- [TASK STATEMENT] Please find the line that holds "Не переживайте, капусты" below and reproduce it, along with every line after it through the end, exactly and without pictures.

(Dataset items)
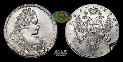 Аверс: Портрет 1731-1733 годов. Голова малая. Корона большая. Локон за ухом. Лента на плече украшена трилистниками. Без заклепок в фестонах. Лента на груди украшена тремя большими и четырьмя средними камнями. Лента внизу украшена трилистниками. Брошь на груди.
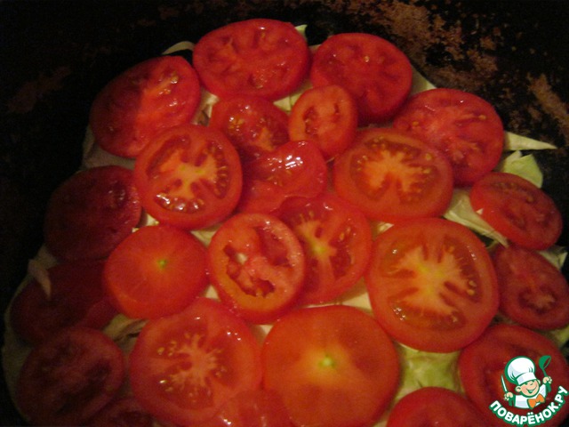 Не переживайте, капусты не будет слишком уж много, так как она осядет. Итак, на мясо одним слоем - рваные листья капусты, на слой капусты - репчатый лук, порезанный кольцами, приправить.
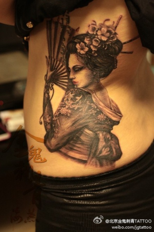 腰部漂亮的美女艺妓纹身图案_腰部纹身图案大全_纹身图吧
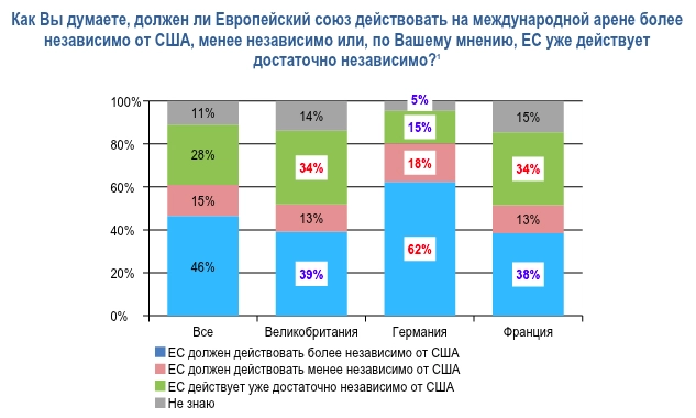 Эту точку зрения подтверждают и масштабные социологические исследования. «Ридус» уже приводил результаты опроса ICM Research, согласно которым 46% граждан Евросоюза уверены, что ЕС должен действовать независимо от США:
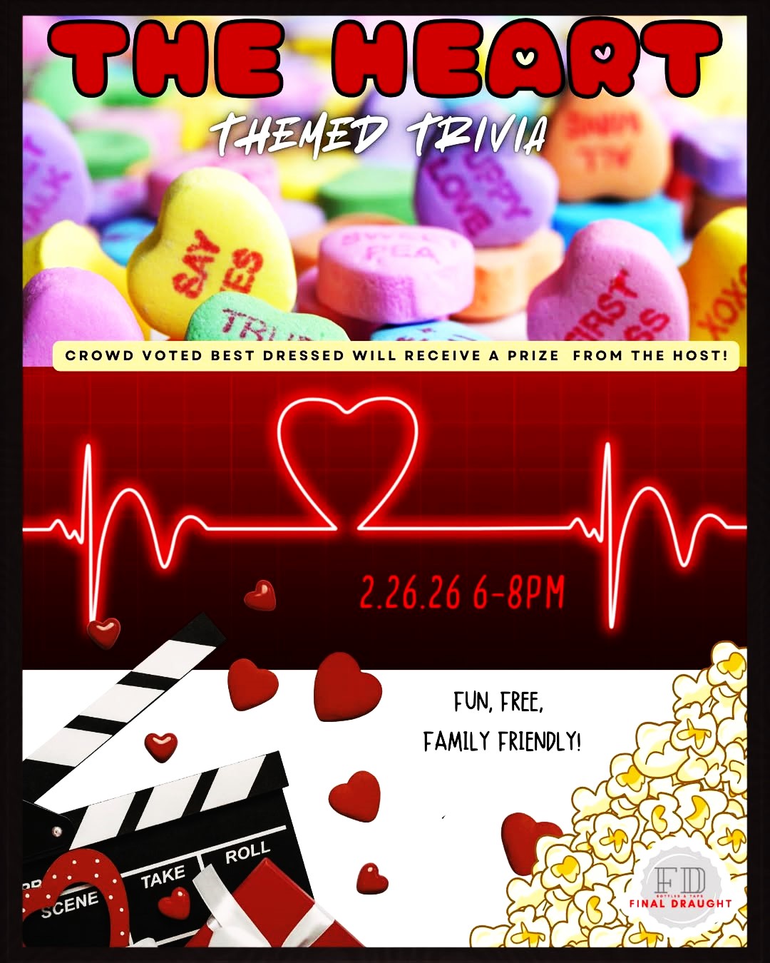 February’s themed trivia 💡 Get ready for a night full of heart at Final Draught. Join us for The Heart Themed Trivia on February 26 from 6 to 8 PM, where the theme is all things heart, from the beating kind to love stories and everything in between. ❤️🍬

- [ANSWER TO THIS PROBLEM]
 Не переживайте, капусты не будет слишком уж много, так как она осядет. Итак, на мясо одним слоем - рваные листья капусты, на слой капусты - репчатый лук, порезанный кольцами, приправить.
 腰部漂亮的美女艺妓纹身图案_腰部纹身图案大全_纹身图吧
 Эту точку зрения подтверждают и масштабные социологические исследования. «Ридус» уже приводил результаты опроса ICM Research, согласно которым 46% граждан Евросоюза уверены, что ЕС должен действовать независимо от США:
 February’s themed trivia 💡 Get ready for a night full of heart at Final Draught. Join us for The Heart Themed Trivia on February 26 from 6 to 8 PM, where the theme is all things heart, from the beating kind to love stories and everything in between. ❤️🍬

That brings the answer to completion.